LP: I am glad that it’s being accepted. When I started 15 years ago, it was not a medium that was considered suitable for conservation; it wasn’t considered a noble material. People were asking me all the time: “But how long will it last?” And yet we have remains in clay from burial sites of 40,000 years ago! In fact, clay was where material culture first happened. For me, that’s why I love it. Of course, it can also be a trend. There is a lot of work today that is about colour and glazes. For me, it was the opposite: I started with glazes, but now it’s about the rawness of the matter.

The section in Frieze is inspired by a Smoke creature that emanates from the soil. I will be producing the work in two places: in Oxford and in El Cercado, on Margarita Island, where they don’t use a kiln; they make a fire with clay fragment and wood, like in ancient times. The work will layer two places: the northern and southern hemispheres – it will reflect the mixed person I am. I think we all are. Humanity has always been a migrant species.

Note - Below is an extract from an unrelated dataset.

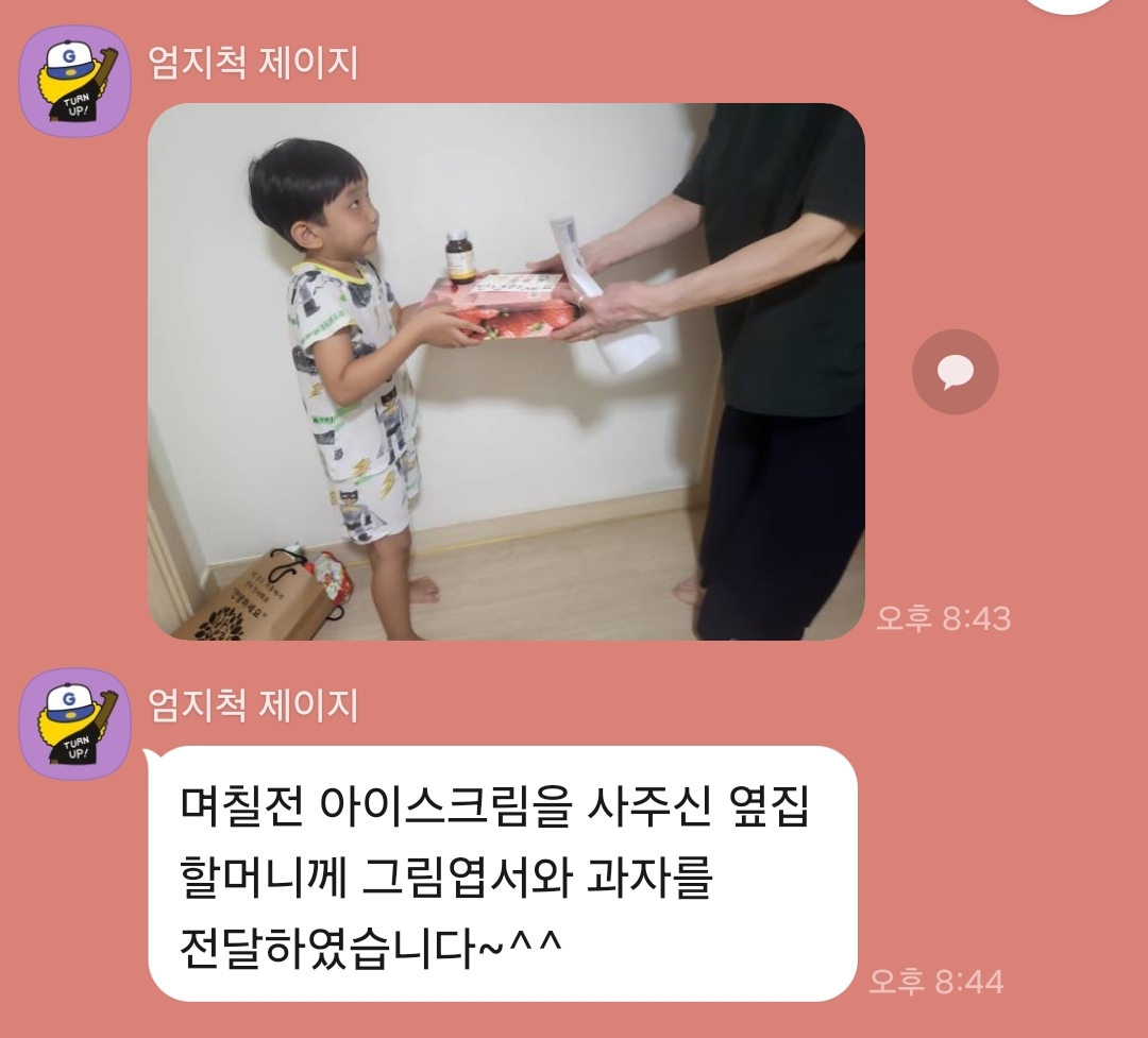 며칠 전 아이스크림을 사주신 옆집 할머니께 그림엽서와 과자를 전달하였습니다.

SC: I have always thought that it could be a reaction to our increasingly digitalised world.

LP: That’s also true! We need the material object. To appreciate something that is more true, something that grounds your existence. Even when I use digital media such as film and photography, there’s always a real, material object in it.



Lucia Pizzani, Morada Vegetal (Vegetal Residence), 2024. Abra, Caracas, courtesy of the artist.

SC: You are incredibly productive, often showing in several spaces at the same time. What do you do to relax?

LP: [laughs] It’s a difficult balance between work and life. A lot of artists I talk to nowadays are going through these kinds of burnouts; in fact, I had one myself a couple of months ago. I am learning to say “no”. In Venezuela, I will finish the installation of my exhibition, and then I’ll do a mix of holiday with two weeks in Margarita Island to work. I really try to plan more, because otherwise you end up damaging your health. As I did.

SC: Did you bring a book?

LP: No! Actually, I don’t read novels that much; I read more scientific kinds of books: about plant reproduction, deep time, botanical remedies. For this trip, I had to bring my entire exhibition [at Abra, Caracas] in my luggage from London, so there was no space for books. Unfortunately, there is not much budget here in Venezuela for exhibitions, but even so the team in the gallery is super-professional and it’s been great working together. The crisis has impacted the arts deeply, but I think it’s very important to continue to exhibit here. I am doing this out of love.

• Lucía Pizzani: Cultivo y Memoria (Crop and Memory) is at Harewood Biennial, Harewood House, Leeds, until 20 October; Rites, Seeds and Refuge is at Cecilia Brunson Projects, London, until 9 August; and Morada Vegetal is at Abra, Caracas, until 8 September. Pizzani will also be part of the curated ceramics section Smoke at Frieze London, from 9 to 13 October.